DATA SUPPLIED —
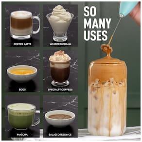 Matcha Whisking, Coffee More Funciona melhor do que um batedor matcha manual para fazer chá matcha e funciona muito melhor do que garfo ou batedor para café. Funciona muito bem para misturar bebidas nutritivas em pó de proteína sem recipiente extra, liquidificador ou agitador de garrafa para lavar. Use nosso mini mixer para suas necessidades de bater e misturar Dê um chute em batidos e smoothies saudáveis adicionando pó ou sabor de gemada e misturando.
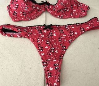DIVERS ENSEMBLE DE LINGERIE taille M Fond rose fushia avec une rose noire et argent T. 80 B - string 38/40 FICELLE Fond rose fleurs noires string 38/40 soutien gorge 9O A
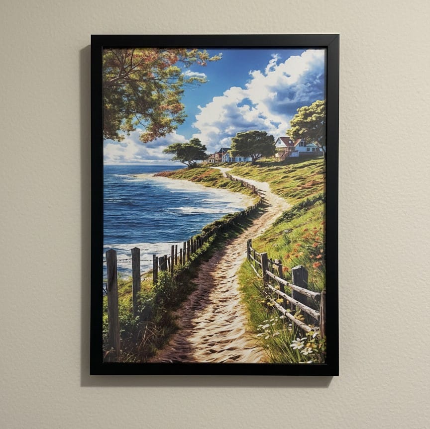 Bring home the peaceful charm of the coast with Coastal Serenity Path, a beautiful nature wall art frame featuring a winding pathway along the sea, bordered by lush greenery and gentle waves. The bright sky and distant cottages create a sense of relaxation, freedom, and slow living.
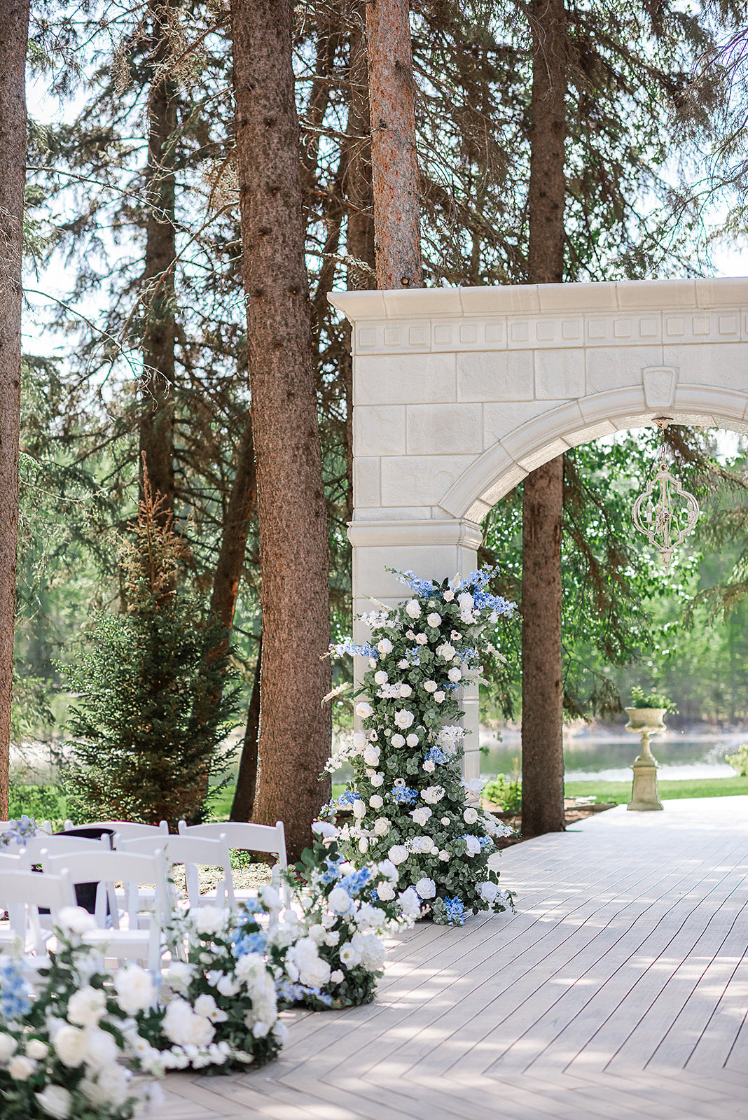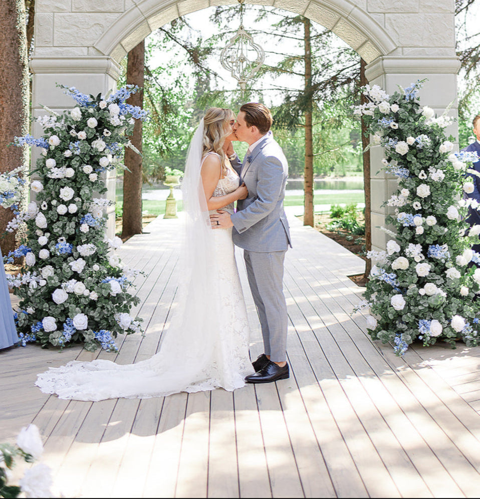 The Kaialee Pillars offer timeless elegance, inspired by the romantic charm of French vineyards. Crafted with exquisite attention to detail, these pillars feature a stunning array of ivory garden roses, pristine white playa blanca roses and a delicate blend of delphinium, veronica, ranunculus, and anemone. The lush greenery of seeded eucalyptus and sage spiral eucalyptus completes the picture-perfect ensemble, ideal for your wedding photos.
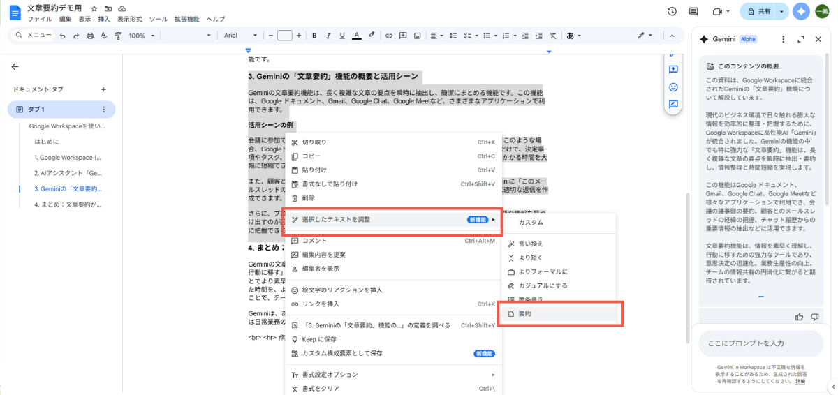 Gemini で文章要約する方法。プロンプトやドキュメント上での使い方も紹介
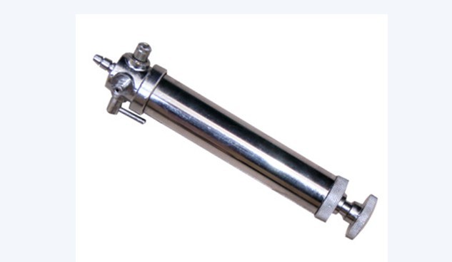 正壓采樣器的型號為CZY50型,主要由三通閥門、進氣口、出氣口、膠塞閥、拉桿、

EXERCISE OBJECTIVE — Starting with the line that holds "Bring home the", return each line exactly through the final line of the entries above; pictures are not part of the output.

EXERCISE RESPONSE —
 Bring home the peaceful charm of the coast with Coastal Serenity Path, a beautiful nature wall art frame featuring a winding pathway along the sea, bordered by lush greenery and gentle waves. The bright sky and distant cottages create a sense of relaxation, freedom, and slow living.
 The Kaialee Pillars offer timeless elegance, inspired by the romantic charm of French vineyards. Crafted with exquisite attention to detail, these pillars feature a stunning array of ivory garden roses, pristine white playa blanca roses and a delicate blend of delphinium, veronica, ranunculus, and anemone. The lush greenery of seeded eucalyptus and sage spiral eucalyptus completes the picture-perfect ensemble, ideal for your wedding photos.
 Gemini で文章要約する方法。プロンプトやドキュメント上での使い方も紹介
 正壓采樣器的型號為CZY50型,主要由三通閥門、進氣口、出氣口、膠塞閥、拉桿、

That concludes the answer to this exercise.